Almost two decades after the discovery of the first extrasolar planet, and with now more than 700 of these objects having been discovered, these challenges still continue. On the observational front, despite breakthroughs such as imaging giant planets (e.g. HR 8799), detecting planets in Laplace resonance (e.g. GJ 876), and discovering planets in circumbinary orbits (e.g., Kepler 16b), a major shift has been made towards a more challenging task: detecting Earth-sized planets or super-Earths in the habitable zones of solar-type and smaller stars. Several large surveys such as HARPS, MEarth, M2K, and LCES, are already producing promising results using ground-based telescopes. The successful operation of the CoRoT and Kepler space telescopes is also making significant contributions by detecting several planets including Kepler 10b and the most prominent transiting super-Earth, CoRoT7b.

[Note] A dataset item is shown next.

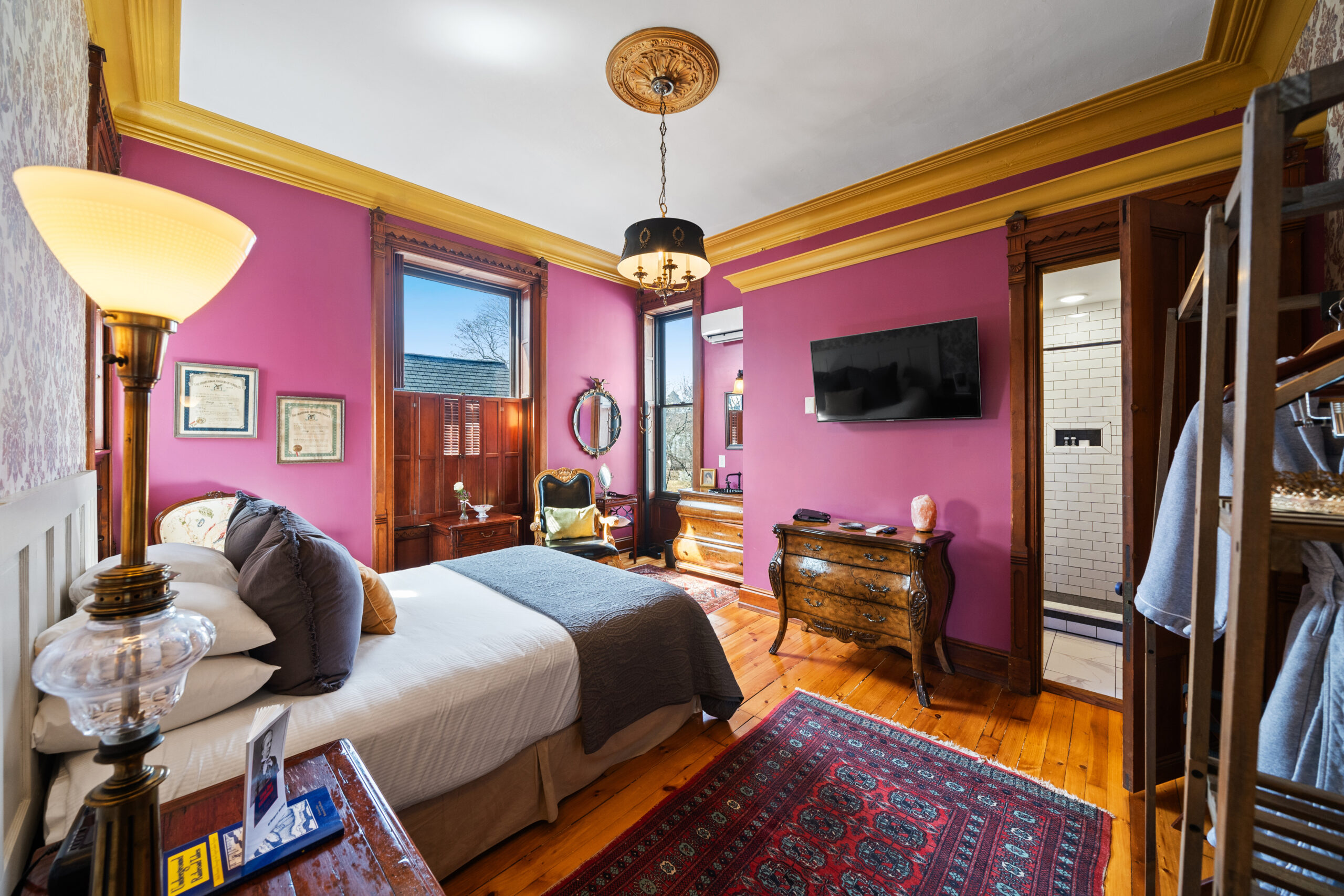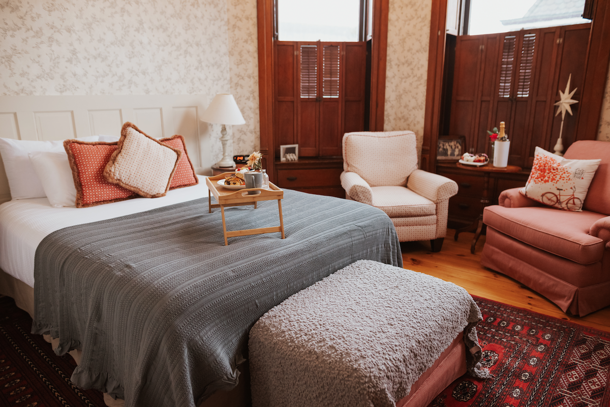 Upon arrival, allow us to welcome you with a complimentary beverage at our showstopping Piano Bar – a truly unique centerpiece crafted from original furniture. Be sure to admire the delicate petals and original ivory keys, beautifully captured in local artwork. From the moment you step inside, you’ll be transported back in time to the Gilded Age. You’ll be greeted by your Innkeepers and shown to your beautifully appointed room, each uniquely decorated and featuring modern amenities.

On the theoretical front, the challenges are even larger. Despite more than a decade of work on the formation and dynamical evolution of extrasolar planets, many fundamental issues are still unresolved. As in our solar system, it is not clear how extrasolar giant planets are formed. Nor is it fully understood how some of these planets acquired high orbital eccentricities, why some have very large semimajor axes, and in regard to the formation of terrestrial/habitable planets, it is not evident how the migration of giant planets affects the formation of smaller bodies in those systems. With the discovery of several super-Earths during the past few years, fundamental theoretical work is also underway to understand the interior dynamics of these bodies, as well as their atmospheres and magnetic fields, and the connections between these properties and the habitability of super-Earths and the possibility of the detection of their biosignatures.
With their continuing operation, the CoRoT and Kepler space telescopes are expected to pave the road for arriving at answers to many of these questions. By the time of IAU General Assembly in August 2012, CoRoT will have reached maturity and is expected to have discovered many more super-Earth planets. Kepler will also have been operating for more than three years, and given its capability in detecting Earth-like planets in the habitable zones of Sun-like and smaller stars, it is expected to have detected many potentially Earth-like planets. Similarly, with the rate at which small planets are detected by ground-based telescopes, many more ground-breaking discoveries are expected to be made by these surveys within the next two years. The General Assembly is therefore a very timely occasion to have a symposium on the advancements made in extrasolar planetary science, in particular on the formation and detection of terrestrial and habitable planets. The aim of the symposium is to have a diverse scientific program covering topics related to habitability and the challenges associated with the formation and detection of habitable planets. Our program consists of a series of invited talks and contributed oral and poster presentations through which speakers will present the current state of research on the habitability of Earth and the progress made towards its associated challenges. The symposium will also foster discussions on the implications of this research for detecting similar planets around other stars. This symposium is supported by the Division III (Planetary Systems Sciences) of the International Astronomical Union, and its Commission 51, Bioastronomy.